Small files: death by a thousand opens

When most of your data is small files (under 128KB), the actual data transfer is trivial. A gigabit link can push 5GB in under a minute. That’s not where the time goes.

Every file requires:

open() on source
stat() for metadata
open() + create() on destination
write() the data (fast, it’s tiny)
chmod() to set permissions
chtimes() to preserve timestamps
close() on both sides

Seven syscalls minimum per file. On NFS, each of those is a network round-trip. At 1ms per round-trip (typical on a local 10GbE network; cross-site links or busy storage can be 5–20ms), that’s 7ms per file. Multiply by a million files: almost two hours of pure network latency overhead, moving barely any data.
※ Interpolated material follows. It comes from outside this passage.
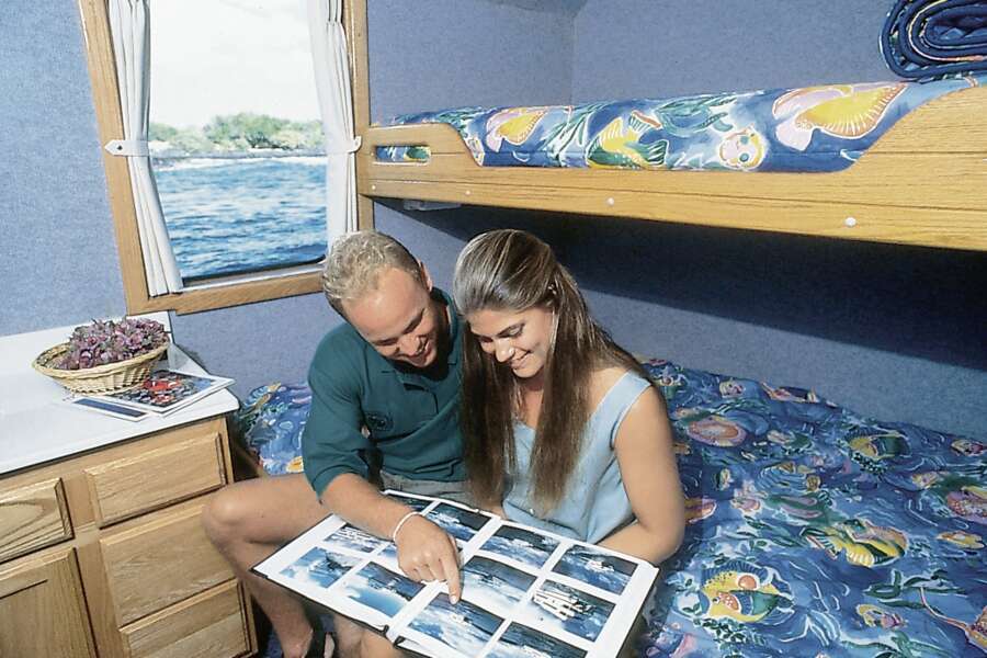 8 Deluxe- und 1 Doppelkabine mit je einem großen Doppelbett und einem darüberliegenden Einzelbett. Alle sind mit Klimaanlage, CD, Dusche/WC und Fenster ausgestattet. Die etwas kleinere Doppelkabine ist nur über das Tauchdeck zugänglich.

Small file workloads are IOPS-bound. The disk and network can handle the bytes easily. They choke on the operations. Your NAS might do 10,000 IOPS. Your million tiny files need 7 million operations. That’s nearly 12 minutes of raw IOPS capacity alone, assuming zero contention. In practice, with metadata journaling and directory updates, triple it.

Note: these are two separate bottlenecks — NFS network latency and storage IOPS — and whichever is worse becomes your actual limit. On a local LAN, storage IOPS usually dominates. Over a WAN, network latency does.

Quick diagnostic

If du -sh says 50GB but find | wc -l says 2 million files, you’re IOPS-bound. Parallel workers help more than bandwidth here.
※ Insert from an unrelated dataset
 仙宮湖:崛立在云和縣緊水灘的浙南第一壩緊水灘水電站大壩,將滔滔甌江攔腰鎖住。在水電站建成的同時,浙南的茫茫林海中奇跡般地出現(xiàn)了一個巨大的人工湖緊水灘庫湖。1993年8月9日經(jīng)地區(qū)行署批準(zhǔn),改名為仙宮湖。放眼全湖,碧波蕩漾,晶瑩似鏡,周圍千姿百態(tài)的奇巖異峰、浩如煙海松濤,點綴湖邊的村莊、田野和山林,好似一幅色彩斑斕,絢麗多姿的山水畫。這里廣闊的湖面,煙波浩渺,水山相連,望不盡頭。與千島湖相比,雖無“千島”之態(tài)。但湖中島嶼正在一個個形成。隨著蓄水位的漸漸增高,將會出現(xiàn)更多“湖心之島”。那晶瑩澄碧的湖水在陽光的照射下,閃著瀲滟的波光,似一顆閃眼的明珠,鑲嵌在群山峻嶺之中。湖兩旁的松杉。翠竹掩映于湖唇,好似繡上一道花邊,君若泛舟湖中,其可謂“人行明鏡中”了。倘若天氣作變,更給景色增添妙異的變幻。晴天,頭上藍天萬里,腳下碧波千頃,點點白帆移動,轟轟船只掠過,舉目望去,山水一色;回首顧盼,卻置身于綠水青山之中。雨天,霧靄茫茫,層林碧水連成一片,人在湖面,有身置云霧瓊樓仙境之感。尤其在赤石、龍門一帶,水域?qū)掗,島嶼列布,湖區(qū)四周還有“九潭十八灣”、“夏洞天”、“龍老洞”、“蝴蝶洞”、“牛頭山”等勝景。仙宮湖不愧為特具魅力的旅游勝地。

Large files: the bandwidth wall

Flip it around. You have 50,000 files averaging 2GB each. That’s 100TB. The per-file overhead is negligible: 50,000 opens and closes are nothing. The bottleneck is raw throughput.

On a 10Gbps link, theoretical max is about 1.1GB/s. In practice, with NFS overhead, you’ll see 400 to 700 MB/s. At 500MB/s, your 100TB takes about 55 hours. No amount of IOPS optimization changes that number. You need faster links, or you need multiple parallel streams per file.

Large file workloads are throughput-bound. More workers don’t help much unless each worker can saturate its own stream. What helps is bigger TCP windows, larger NFS read/write sizes (rsize/wsize), and making sure your network isn’t the bottleneck.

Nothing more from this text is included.